Vi scrivo per informarvi che ho fissato la data di apertura della suddetta assemblea
per il 29 gennaio 1787 a Versailles e che è mio volere che siate presenti alla suddetta
apertura per assistere ed ascoltare quelle che saranno le mie proposte.
Sono certo che avrò da parte vs. il servizio che mi aspetto da voi per il bene del
Regno, mio fine principale.
Seguono saluti e benedizioni. Firmato, Luigi >>.
III
Discorso del Re
<< Signori vi ho scelto tra le varie classi dello Stato e vi ho riuniti intorno a me per
farvi parte dei miei progetti.
Così hanno fatti i miei predecessori e più notoriamente il capo della mia ...... il cui
nome è tanto caro ai Francesi e di cui mi farò onore di seguire sempre gli esempi.
I progetti che vi comunicherò sono grandi ed importanti.

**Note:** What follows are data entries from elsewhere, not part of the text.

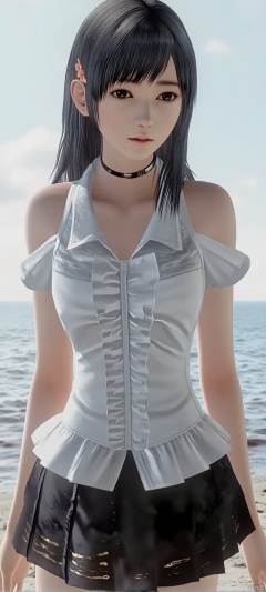 (high definition, Best quality, masterpiece, 4K, exquisite skin), cxshenyu, solo,cleavage,(white off-shoulder T-shirt:1.2),  black pleats short skirt, seaside, lie, learning forward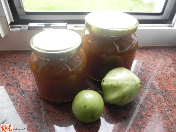Marmelada iz zelenih paradižnikovzeleni paradižniki, jabolka, banane, limonin sok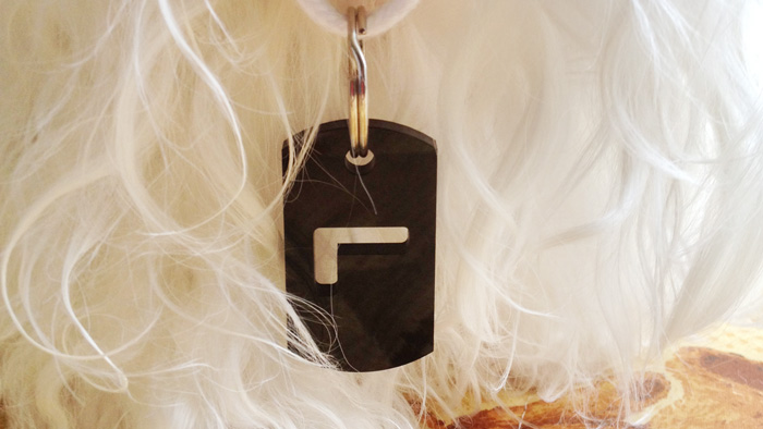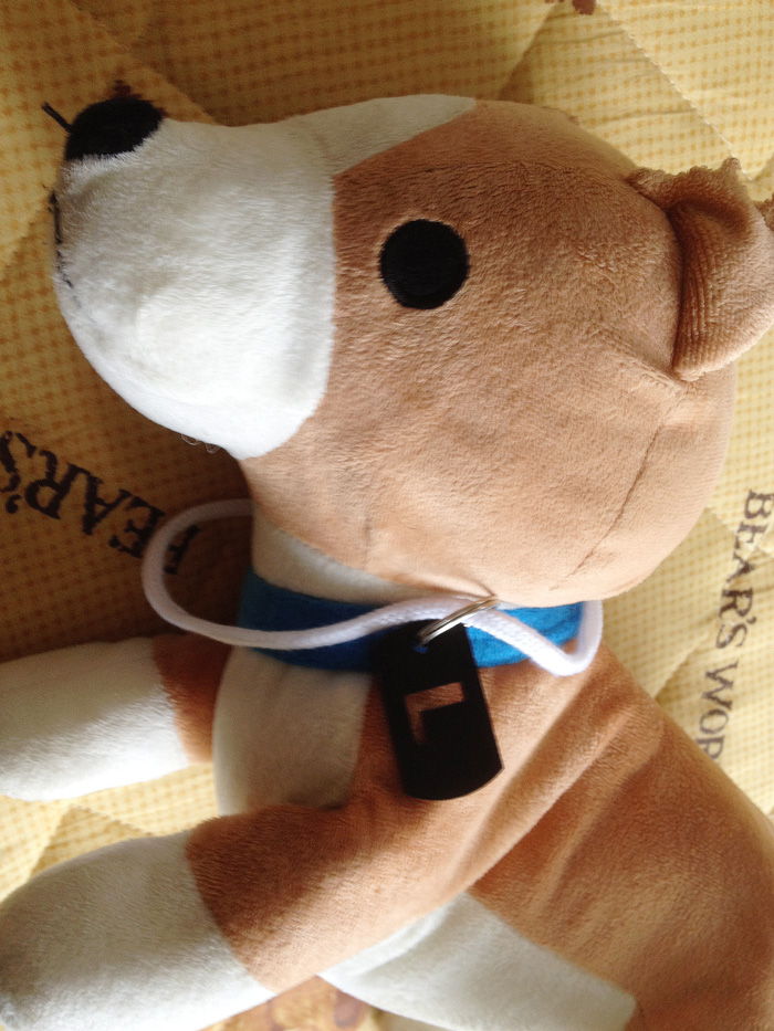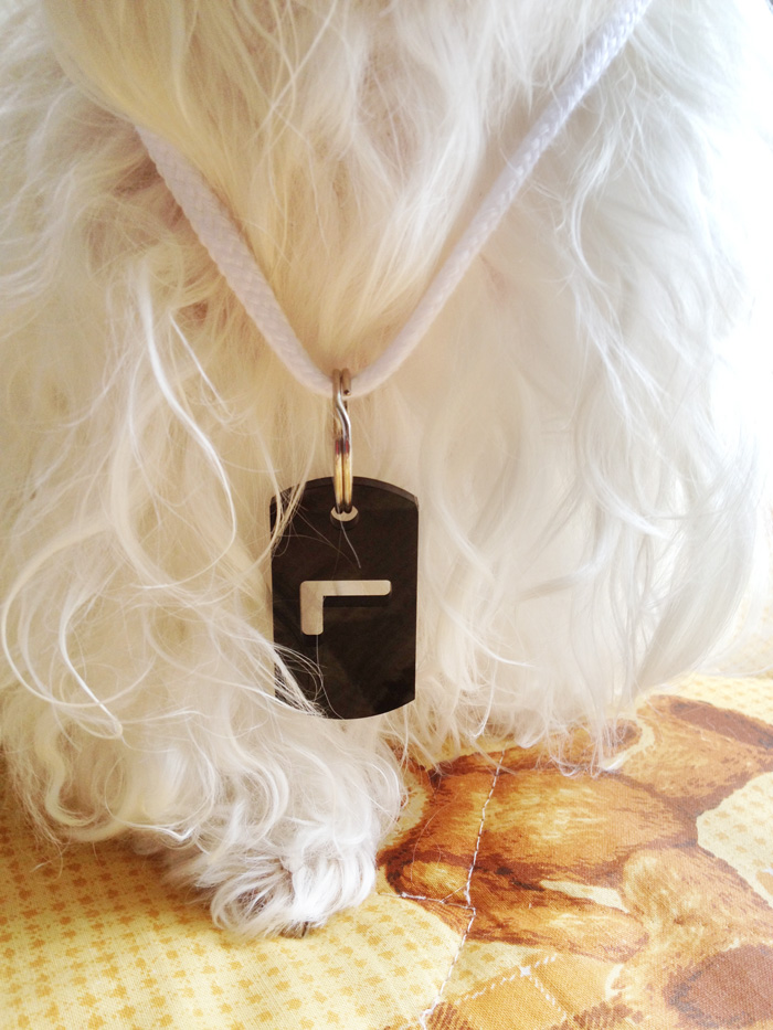 とりあえず完成したドッグタグをドッグにつけてみました。でも犬にドッグタグつけたらただの鑑札ですね。

Da una parte migliorare le entrate dello Stato ed assicurare una ripartizione più
eguale delle imposte; dall’altra liberalizzare il commercio da tutti quegli ostacoli che
ne minano il movimento, e dare sollievo, per quanto le circostanze me lo permettano,
alla parte più indigente dei miei sudditi: queste sono, Signori, i propositi che mi sono
prefissato dopo un’attenta riflessione.
Dato che mirano tutti al bene pubblico e conoscendo lo zelo da cui siete animati per
rendermi servizio, non temo il consultarvi sulla loro esecuzione; ascolterò ed
esaminerò attentamente le vs. osservazioni.
Conto sul fatto che le vs. opinioni, avendo un fine comune, raggiungano un facile
accordo e che nessun interesse particolare faccia leva contro l’interesse generale >>.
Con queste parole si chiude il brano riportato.